March 31, 2013 | 4:01 pm
Posted by Robin Podolsky
In this season, when we celebrate freedom and the honor of obligation, let’s remember two rabbis who exemplified those values. The two teachers I have in mind were contemporaries and, for a while, neighbors. Orthodox Rabbi Sabato Morais and Reform Rabbi David Einhorn led congregations in Philadelphia in the years leading up to the USA’s Civil War. At a time when few rabbis dared (or maybe cared) to do it, these tzadikim condemned slavery forthrightly, drawing on Jewish tradition.
Sabato Morais, in his 1864 Thanksgiving sermon to Congregation Mikveh Israel said, “Not the victories of the Union, but those of freedom, my friends, do we celebrate. What is Union with human degradation? Who would again affix his seal to the bond that consigned millions to [that]? Not I, the enfranchised slave of Mitzrayim.

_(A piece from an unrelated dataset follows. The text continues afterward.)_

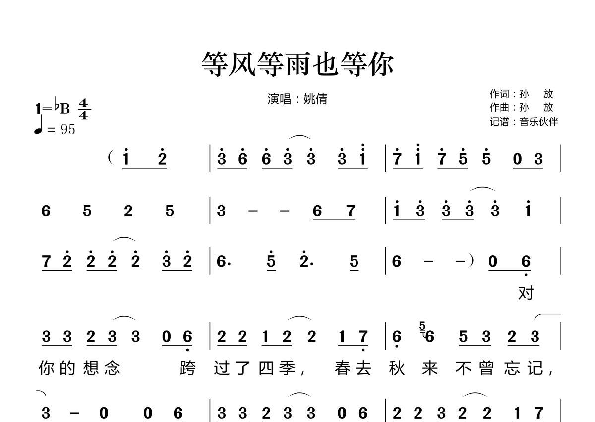 《等风等雨也等你》是姚倩演唱的一首歌曲,这份简谱共有两张高清图谱,图谱由 @音乐伙伴 编配上传。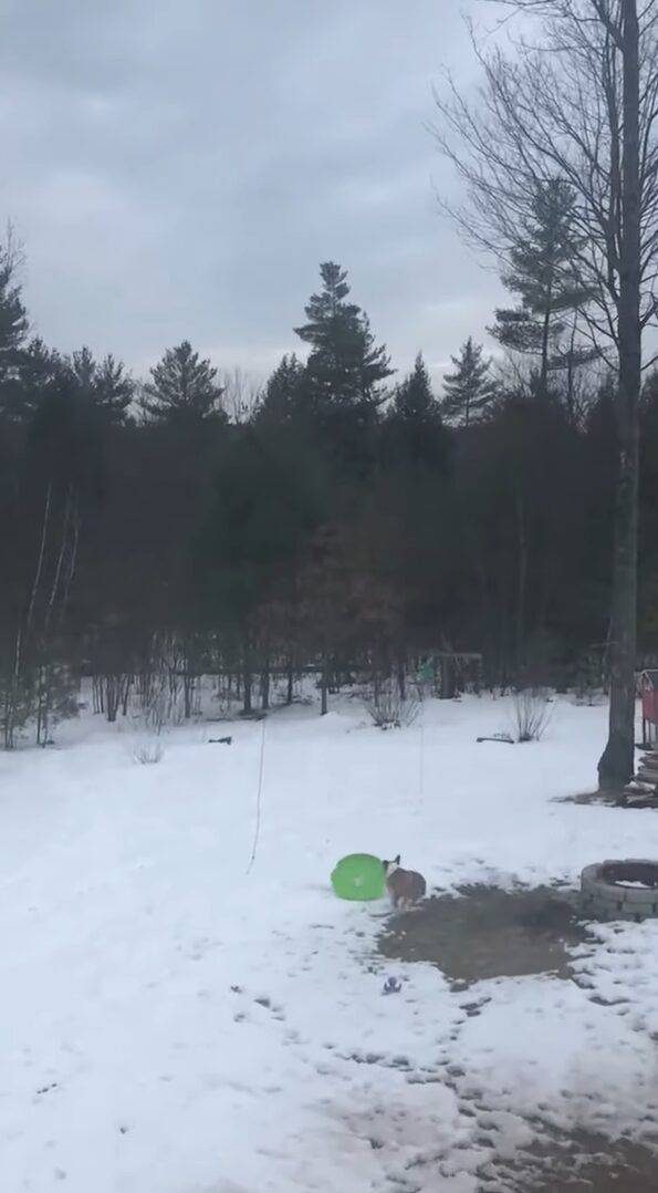 動画には、雪遊びをする愛犬の元気な様子が捉えられています。

David Einhorn, in a 1861 Passover sermon, later expanded and published as War With Amalek, wrote, ““Is it anything else but a deed of Amalek, rebellion against God, to enslave human beings created in His image, and to degrade them to a state of beasts having no will of their own? Is it anything else but an act of ruthless and wicked violence, to reduce defenseless human beings to a condition of merchandise, and relentlessly to tear them away from the hearts of husbands, wives, parents, and children…?”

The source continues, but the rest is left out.